Available data ->
--- START ---

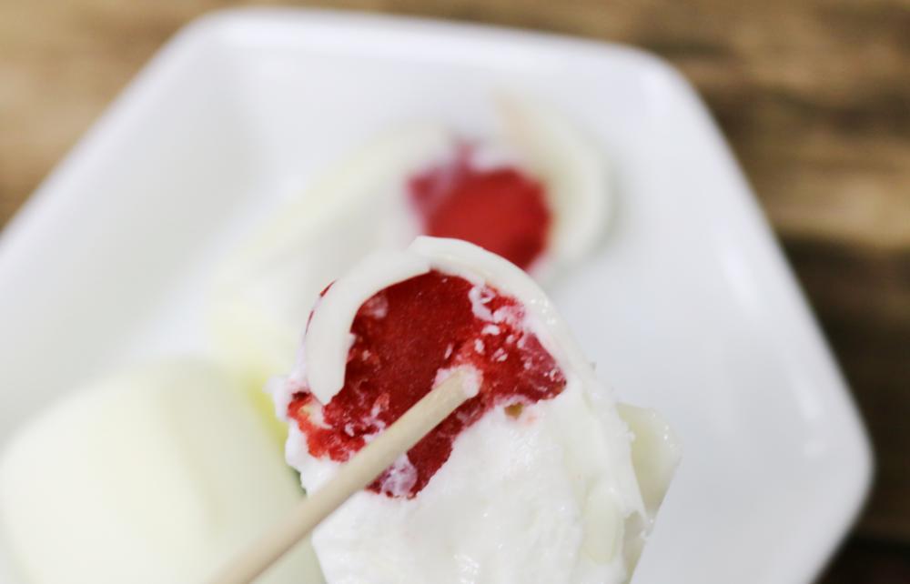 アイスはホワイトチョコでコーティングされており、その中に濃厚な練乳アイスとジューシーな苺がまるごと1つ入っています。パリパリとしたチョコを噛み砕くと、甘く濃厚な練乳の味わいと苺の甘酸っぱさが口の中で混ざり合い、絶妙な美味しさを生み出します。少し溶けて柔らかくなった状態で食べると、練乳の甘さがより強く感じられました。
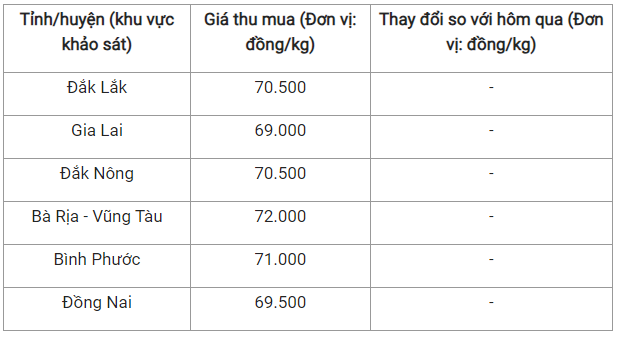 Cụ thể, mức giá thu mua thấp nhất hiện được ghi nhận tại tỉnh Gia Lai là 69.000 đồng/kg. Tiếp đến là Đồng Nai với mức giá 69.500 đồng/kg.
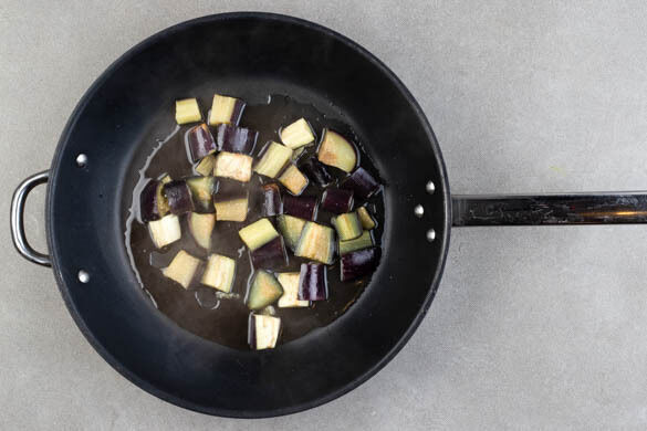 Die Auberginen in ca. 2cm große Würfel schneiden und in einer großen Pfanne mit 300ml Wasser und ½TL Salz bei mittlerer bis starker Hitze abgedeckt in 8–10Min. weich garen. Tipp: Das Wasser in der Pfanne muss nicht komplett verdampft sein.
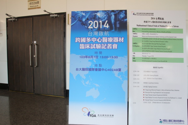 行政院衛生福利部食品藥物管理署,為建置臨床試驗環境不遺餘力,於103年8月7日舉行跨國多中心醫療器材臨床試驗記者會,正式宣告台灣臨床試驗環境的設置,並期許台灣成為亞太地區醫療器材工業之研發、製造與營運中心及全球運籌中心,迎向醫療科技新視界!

--- END ---

Assignment -> The listing is to be repeated word for word, with all pictures omitted.

Exercise output ->
 アイスはホワイトチョコでコーティングされており、その中に濃厚な練乳アイスとジューシーな苺がまるごと1つ入っています。パリパリとしたチョコを噛み砕くと、甘く濃厚な練乳の味わいと苺の甘酸っぱさが口の中で混ざり合い、絶妙な美味しさを生み出します。少し溶けて柔らかくなった状態で食べると、練乳の甘さがより強く感じられました。
 Cụ thể, mức giá thu mua thấp nhất hiện được ghi nhận tại tỉnh Gia Lai là 69.000 đồng/kg. Tiếp đến là Đồng Nai với mức giá 69.500 đồng/kg.
 Die Auberginen in ca. 2cm große Würfel schneiden und in einer großen Pfanne mit 300ml Wasser und ½TL Salz bei mittlerer bis starker Hitze abgedeckt in 8–10Min. weich garen. Tipp: Das Wasser in der Pfanne muss nicht komplett verdampft sein.
 行政院衛生福利部食品藥物管理署,為建置臨床試驗環境不遺餘力,於103年8月7日舉行跨國多中心醫療器材臨床試驗記者會,正式宣告台灣臨床試驗環境的設置,並期許台灣成為亞太地區醫療器材工業之研發、製造與營運中心及全球運籌中心,迎向醫療科技新視界!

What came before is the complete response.